# [Supplied data]
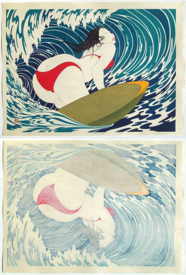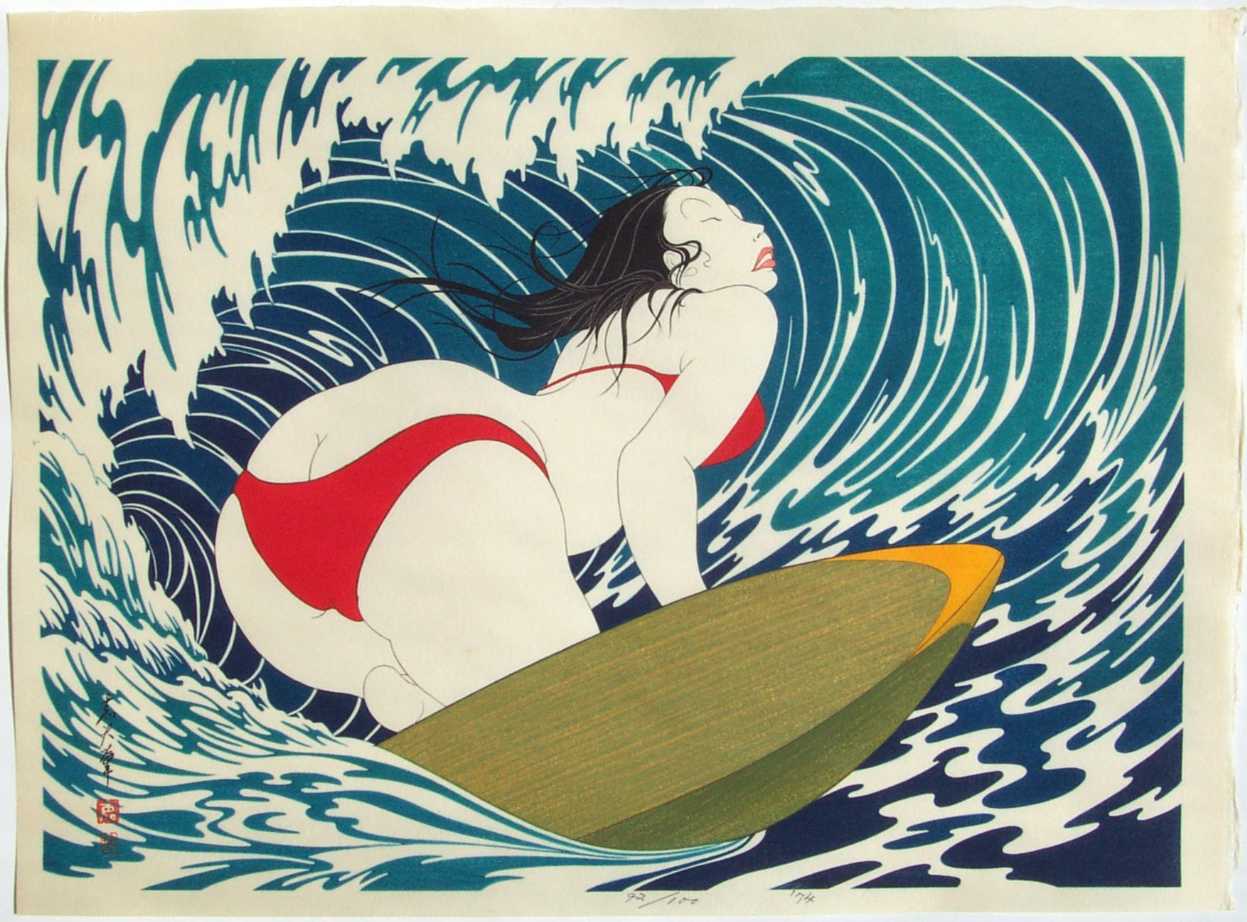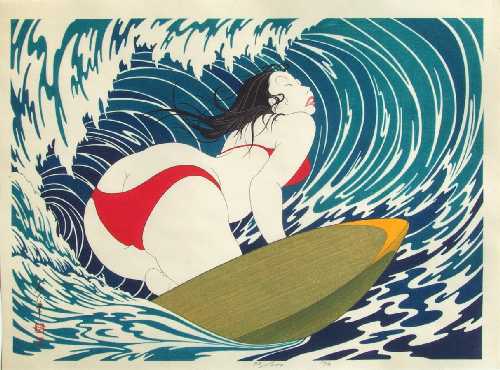 A strikingly voluptuous modern-day "bijin-ga" image--surfing eyes closed under a curling wave.
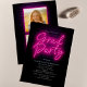 Grad Photo Pink Neon Sign Graduation Party Budget Invitation featuring popular white text and photos on the reverse side you can easily replace with yours. Change the date, party details and add your photos on the reverse side by clicking the "Personalise" button
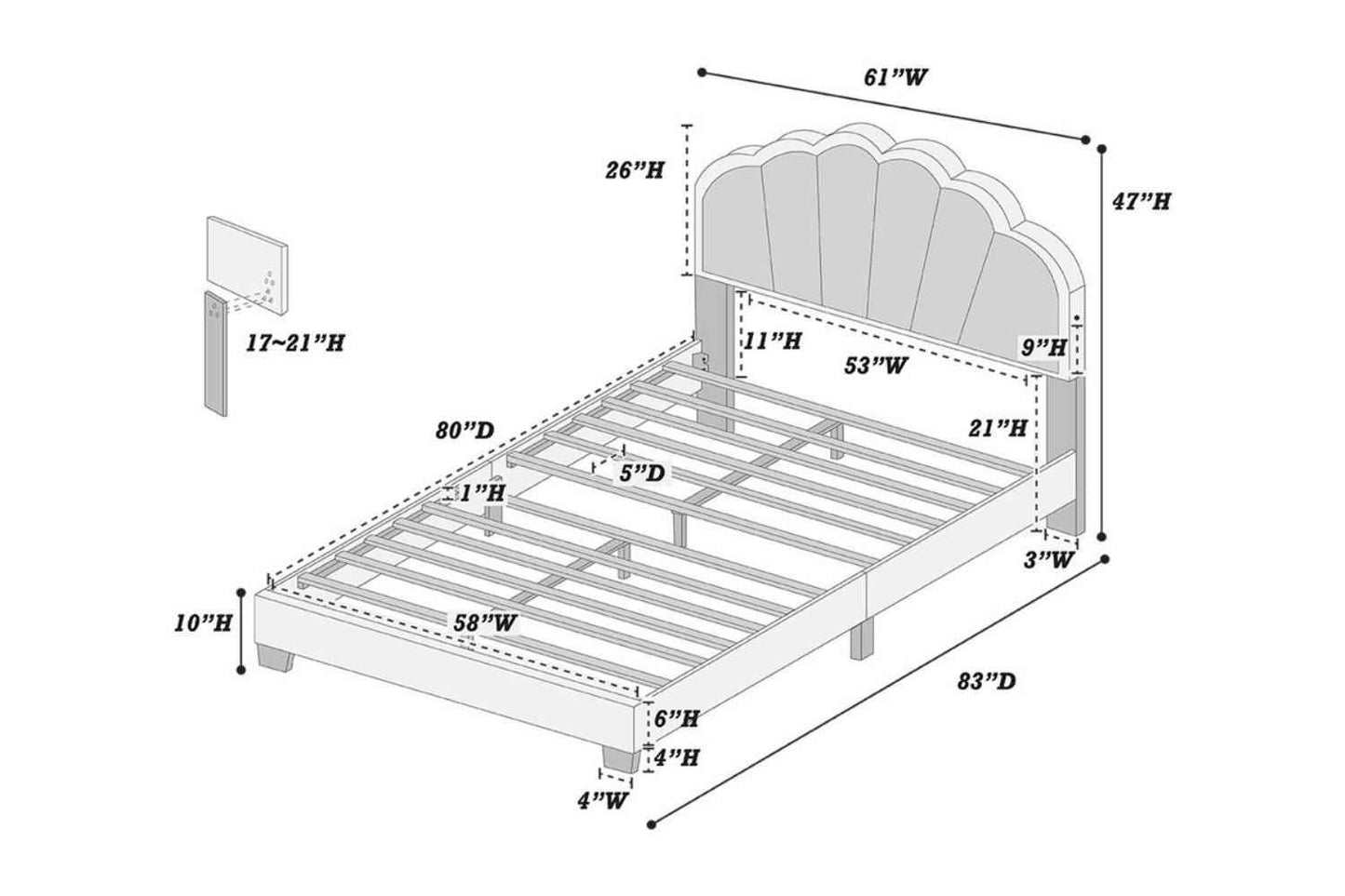 Queen Size Bed :- HB 47' H / FB 12' H,

# [What you should do]
Go through the listing above and retype each line exactly, apart from the pictures.

# [Solution]
 A strikingly voluptuous modern-day "bijin-ga" image--surfing eyes closed under a curling wave.
 Grad Photo Pink Neon Sign Graduation Party Budget Invitation featuring popular white text and photos on the reverse side you can easily replace with yours. Change the date, party details and add your photos on the reverse side by clicking the "Personalise" button
 Queen Size Bed :- HB 47' H / FB 12' H,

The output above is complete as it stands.